## PROBLEM STATEMENT
Nothing but the records, transcribed verbatim and stripped of images, should appear in the answer.

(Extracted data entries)
*** Begin section ***

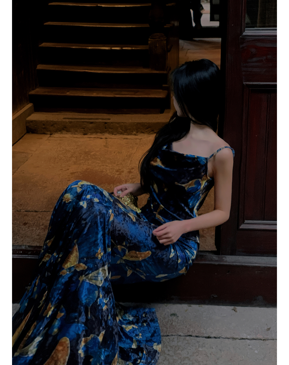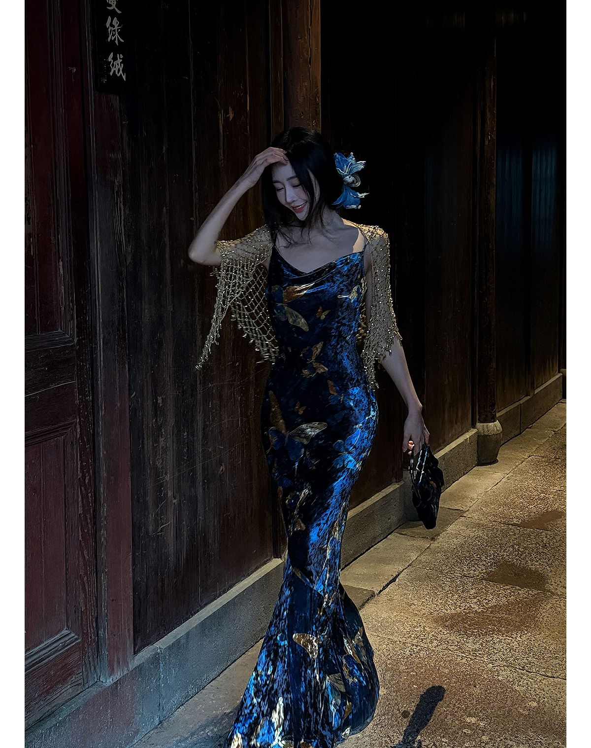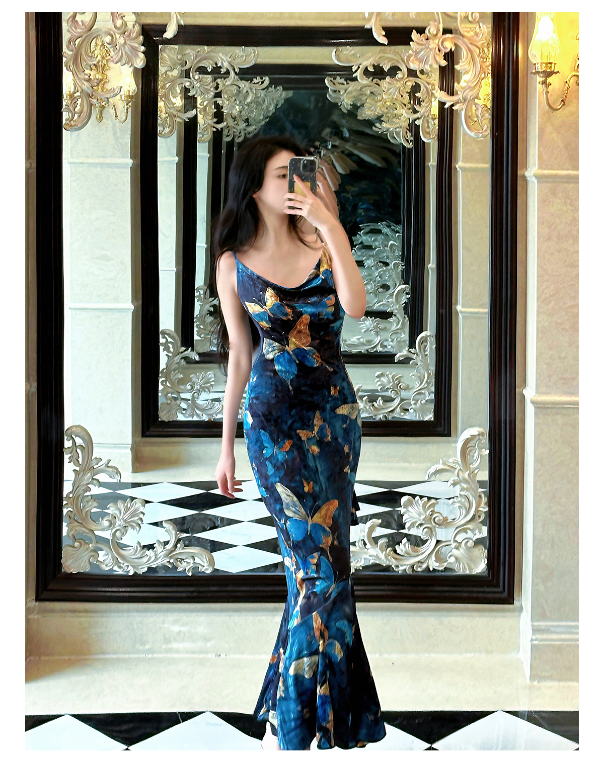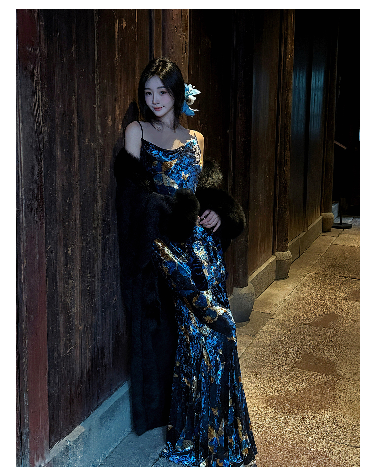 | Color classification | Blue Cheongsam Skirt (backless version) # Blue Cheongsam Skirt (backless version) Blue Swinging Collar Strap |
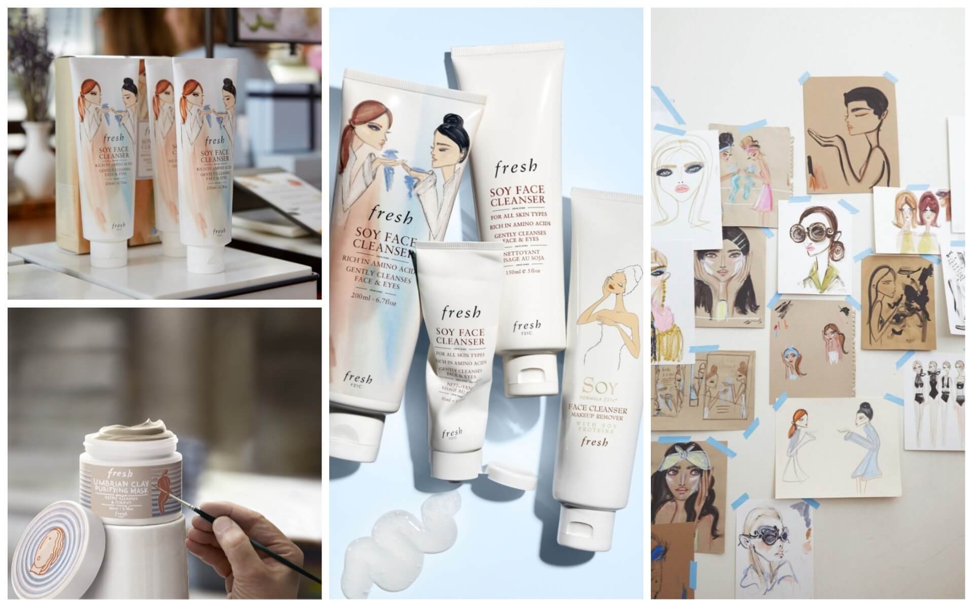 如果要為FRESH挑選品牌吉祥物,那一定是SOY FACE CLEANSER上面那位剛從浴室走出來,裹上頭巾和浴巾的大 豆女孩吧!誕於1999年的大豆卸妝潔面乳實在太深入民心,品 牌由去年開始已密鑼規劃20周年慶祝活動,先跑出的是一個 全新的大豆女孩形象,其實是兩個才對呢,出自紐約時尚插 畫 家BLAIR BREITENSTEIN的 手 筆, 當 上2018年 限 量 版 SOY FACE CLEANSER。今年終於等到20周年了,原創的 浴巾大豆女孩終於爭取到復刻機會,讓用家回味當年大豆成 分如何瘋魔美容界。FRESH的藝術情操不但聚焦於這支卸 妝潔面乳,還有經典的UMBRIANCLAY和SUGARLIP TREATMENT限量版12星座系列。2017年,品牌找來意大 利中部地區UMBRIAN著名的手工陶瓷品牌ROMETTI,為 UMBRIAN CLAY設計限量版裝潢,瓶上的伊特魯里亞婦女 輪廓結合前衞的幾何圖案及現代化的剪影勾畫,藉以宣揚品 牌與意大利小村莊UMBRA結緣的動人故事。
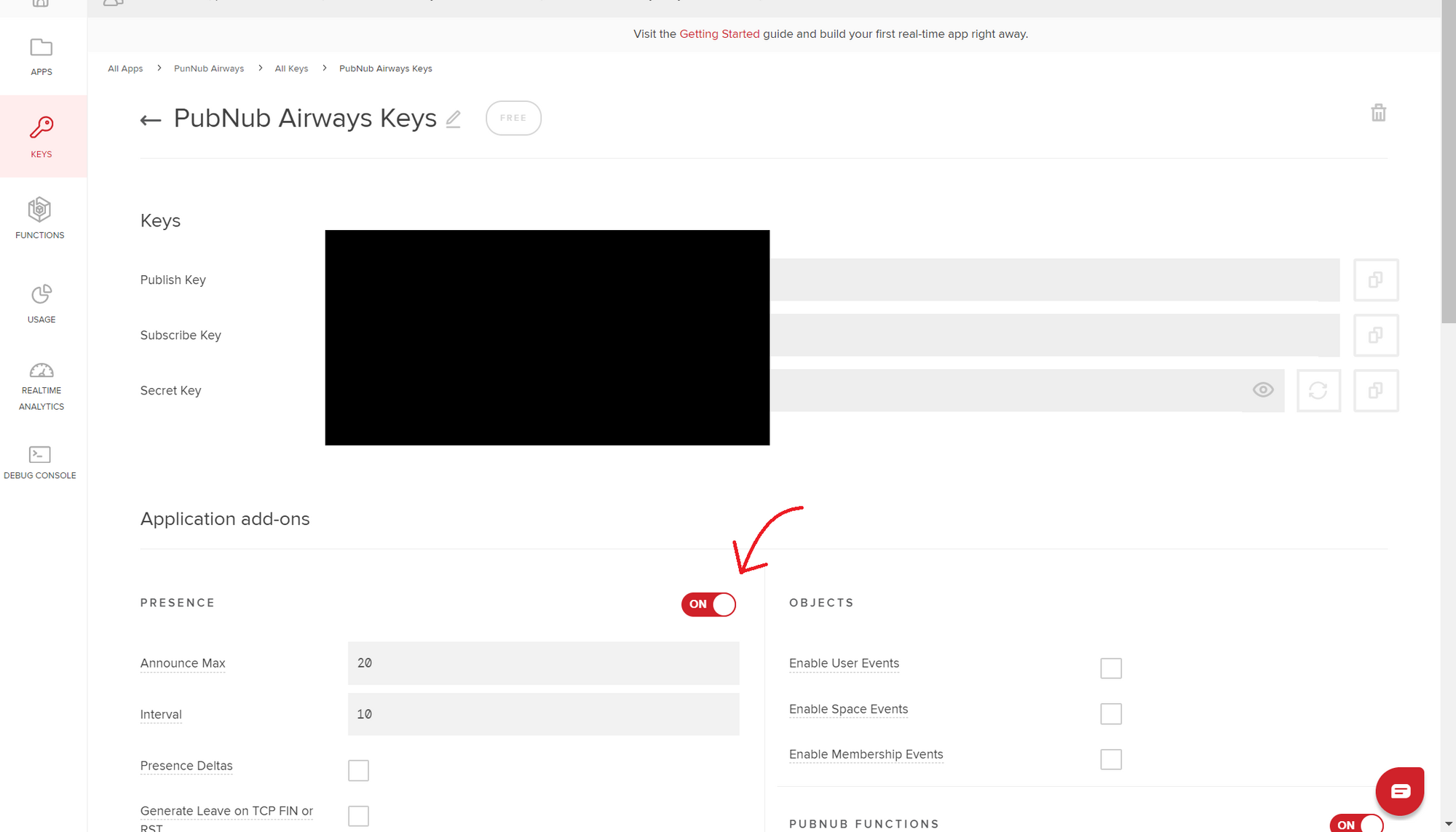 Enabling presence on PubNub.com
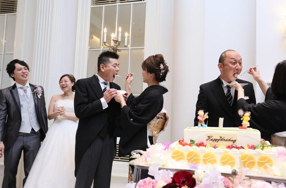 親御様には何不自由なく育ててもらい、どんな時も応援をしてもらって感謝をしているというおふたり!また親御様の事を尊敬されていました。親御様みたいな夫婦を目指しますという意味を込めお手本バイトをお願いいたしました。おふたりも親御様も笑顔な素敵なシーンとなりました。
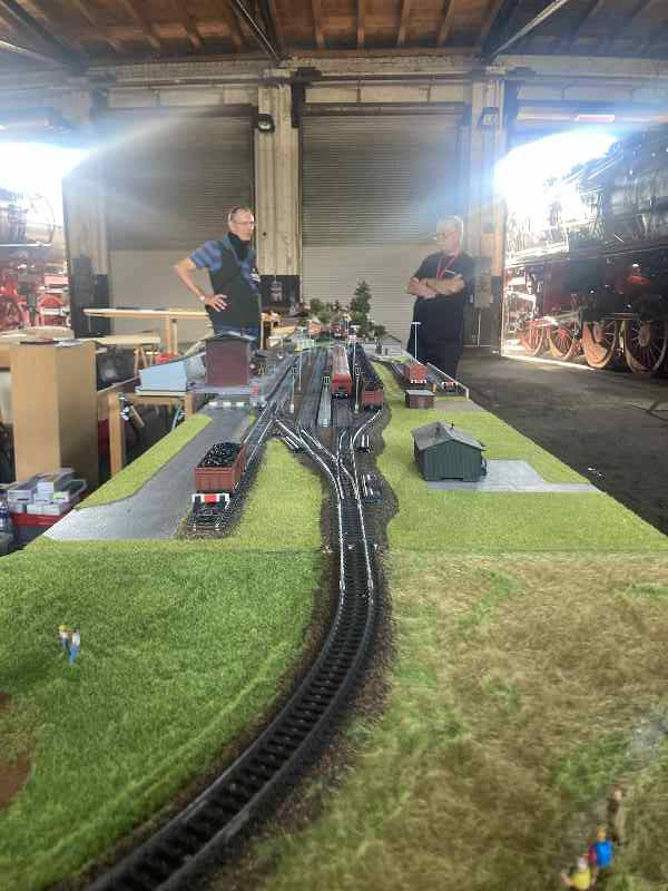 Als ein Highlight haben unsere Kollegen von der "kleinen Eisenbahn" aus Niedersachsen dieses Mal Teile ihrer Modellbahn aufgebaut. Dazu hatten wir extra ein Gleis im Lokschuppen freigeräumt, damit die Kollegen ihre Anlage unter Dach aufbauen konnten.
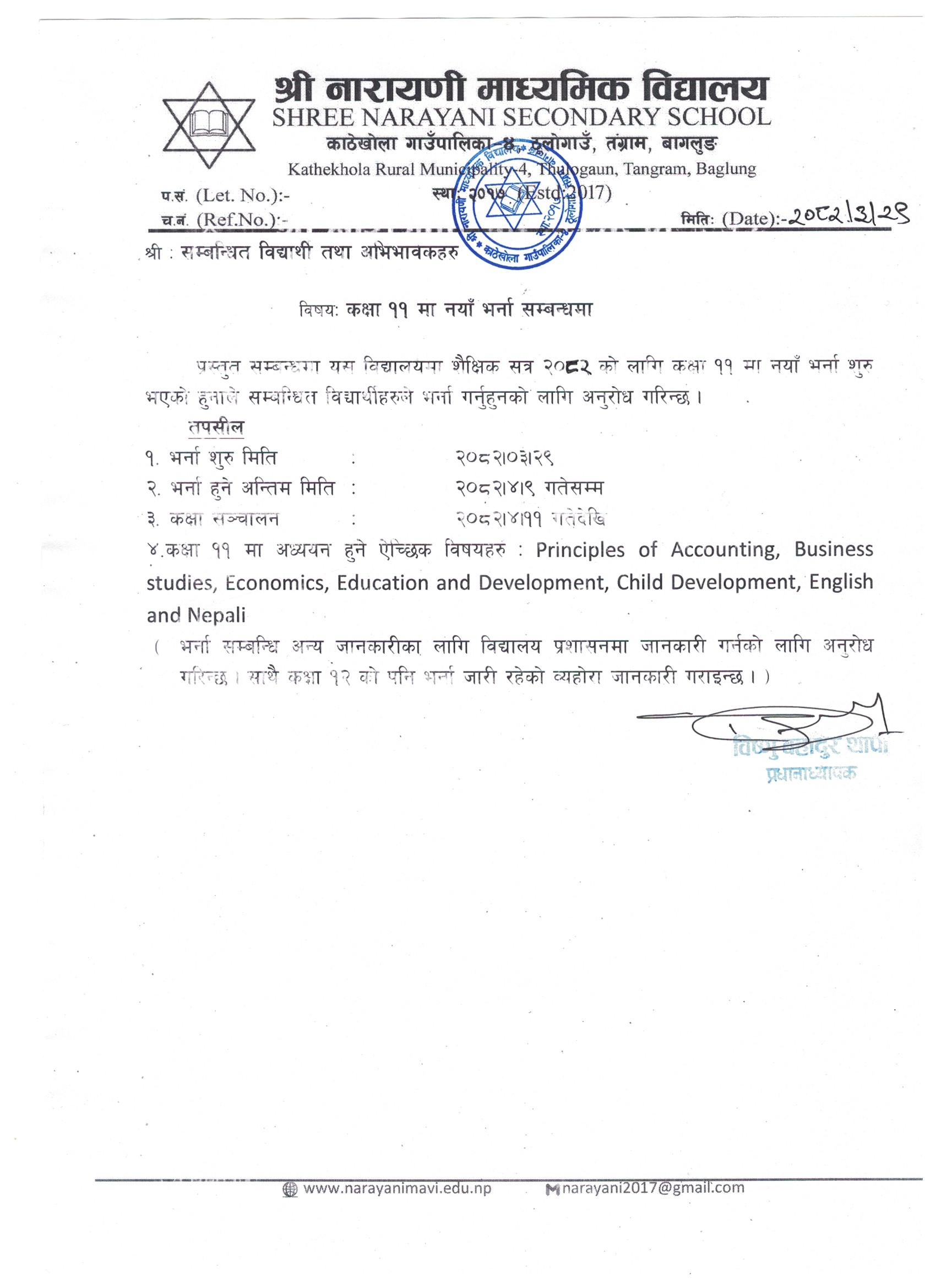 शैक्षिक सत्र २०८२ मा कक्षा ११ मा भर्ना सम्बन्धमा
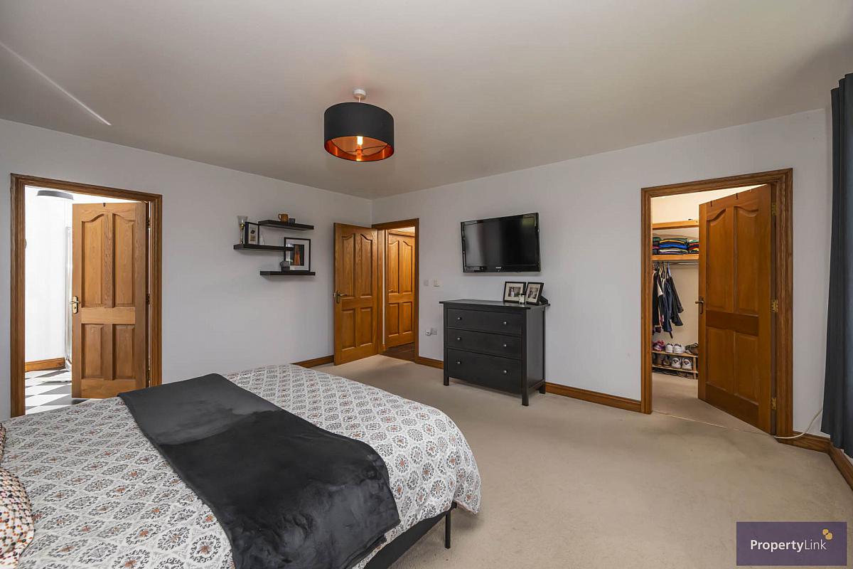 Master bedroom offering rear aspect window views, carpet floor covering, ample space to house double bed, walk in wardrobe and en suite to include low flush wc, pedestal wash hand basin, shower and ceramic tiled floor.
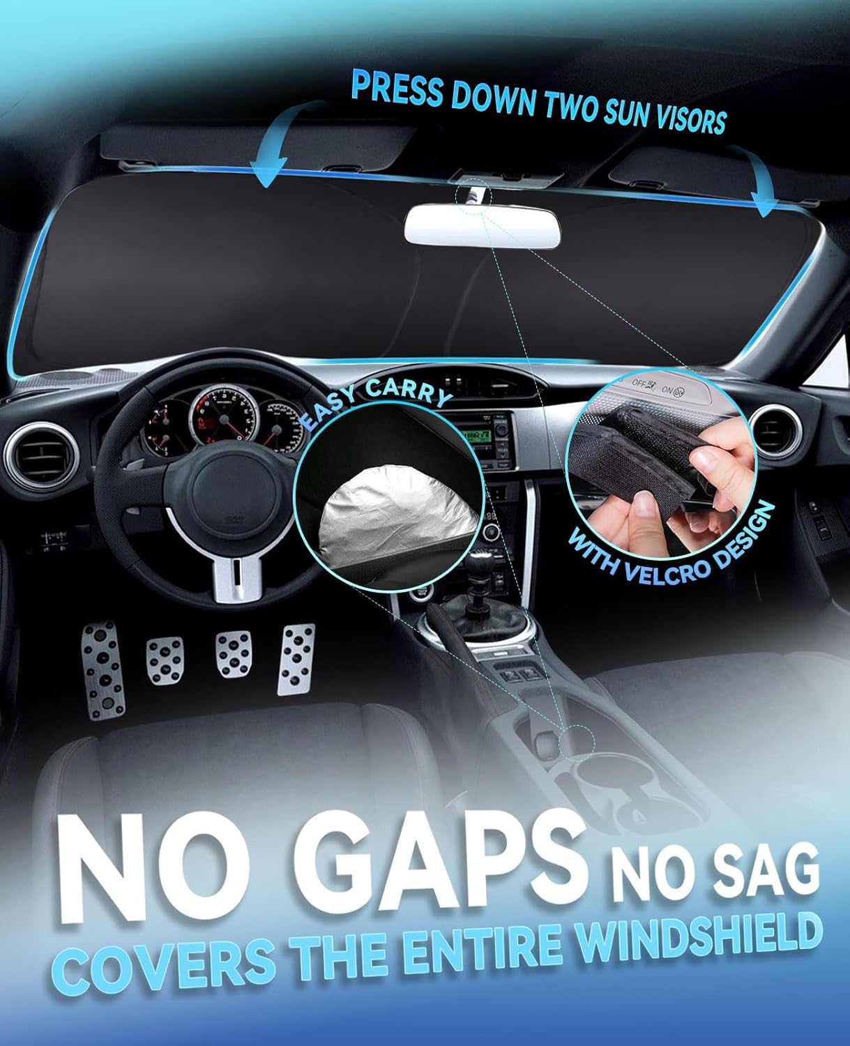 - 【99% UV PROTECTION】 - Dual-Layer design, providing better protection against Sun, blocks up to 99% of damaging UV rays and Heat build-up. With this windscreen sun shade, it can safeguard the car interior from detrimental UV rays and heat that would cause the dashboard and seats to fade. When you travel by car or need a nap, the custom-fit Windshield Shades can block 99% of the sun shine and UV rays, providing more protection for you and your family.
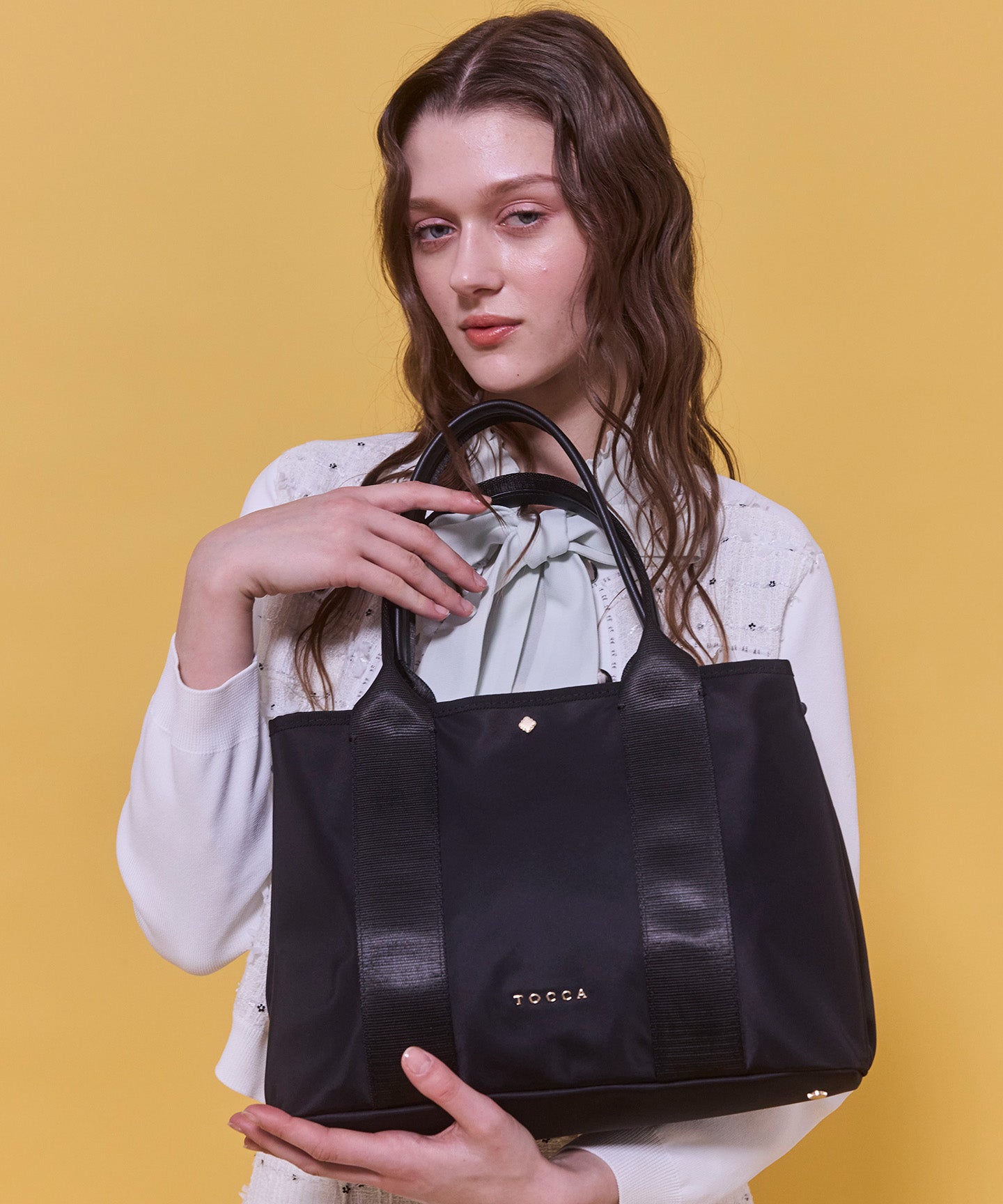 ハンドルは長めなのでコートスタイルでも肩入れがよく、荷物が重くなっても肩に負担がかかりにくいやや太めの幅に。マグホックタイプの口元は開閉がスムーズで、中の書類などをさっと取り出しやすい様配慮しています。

*** End section ***

## YOUR RESPONSE
 | Color classification | Blue Cheongsam Skirt (backless version) # Blue Cheongsam Skirt (backless version) Blue Swinging Collar Strap |
 如果要為FRESH挑選品牌吉祥物,那一定是SOY FACE CLEANSER上面那位剛從浴室走出來,裹上頭巾和浴巾的大 豆女孩吧!誕於1999年的大豆卸妝潔面乳實在太深入民心,品 牌由去年開始已密鑼規劃20周年慶祝活動,先跑出的是一個 全新的大豆女孩形象,其實是兩個才對呢,出自紐約時尚插 畫 家BLAIR BREITENSTEIN的 手 筆, 當 上2018年 限 量 版 SOY FACE CLEANSER。今年終於等到20周年了,原創的 浴巾大豆女孩終於爭取到復刻機會,讓用家回味當年大豆成 分如何瘋魔美容界。FRESH的藝術情操不但聚焦於這支卸 妝潔面乳,還有經典的UMBRIANCLAY和SUGARLIP TREATMENT限量版12星座系列。2017年,品牌找來意大 利中部地區UMBRIAN著名的手工陶瓷品牌ROMETTI,為 UMBRIAN CLAY設計限量版裝潢,瓶上的伊特魯里亞婦女 輪廓結合前衞的幾何圖案及現代化的剪影勾畫,藉以宣揚品 牌與意大利小村莊UMBRA結緣的動人故事。
 Enabling presence on PubNub.com
 親御様には何不自由なく育ててもらい、どんな時も応援をしてもらって感謝をしているというおふたり!また親御様の事を尊敬されていました。親御様みたいな夫婦を目指しますという意味を込めお手本バイトをお願いいたしました。おふたりも親御様も笑顔な素敵なシーンとなりました。
 Als ein Highlight haben unsere Kollegen von der "kleinen Eisenbahn" aus Niedersachsen dieses Mal Teile ihrer Modellbahn aufgebaut. Dazu hatten wir extra ein Gleis im Lokschuppen freigeräumt, damit die Kollegen ihre Anlage unter Dach aufbauen konnten.
 शैक्षिक सत्र २०८२ मा कक्षा ११ मा भर्ना सम्बन्धमा
 Master bedroom offering rear aspect window views, carpet floor covering, ample space to house double bed, walk in wardrobe and en suite to include low flush wc, pedestal wash hand basin, shower and ceramic tiled floor.
 - 【99% UV PROTECTION】 - Dual-Layer design, providing better protection against Sun, blocks up to 99% of damaging UV rays and Heat build-up. With this windscreen sun shade, it can safeguard the car interior from detrimental UV rays and heat that would cause the dashboard and seats to fade. When you travel by car or need a nap, the custom-fit Windshield Shades can block 99% of the sun shine and UV rays, providing more protection for you and your family.
 ハンドルは長めなのでコートスタイルでも肩入れがよく、荷物が重くなっても肩に負担がかかりにくいやや太めの幅に。マグホックタイプの口元は開閉がスムーズで、中の書類などをさっと取り出しやすい様配慮しています。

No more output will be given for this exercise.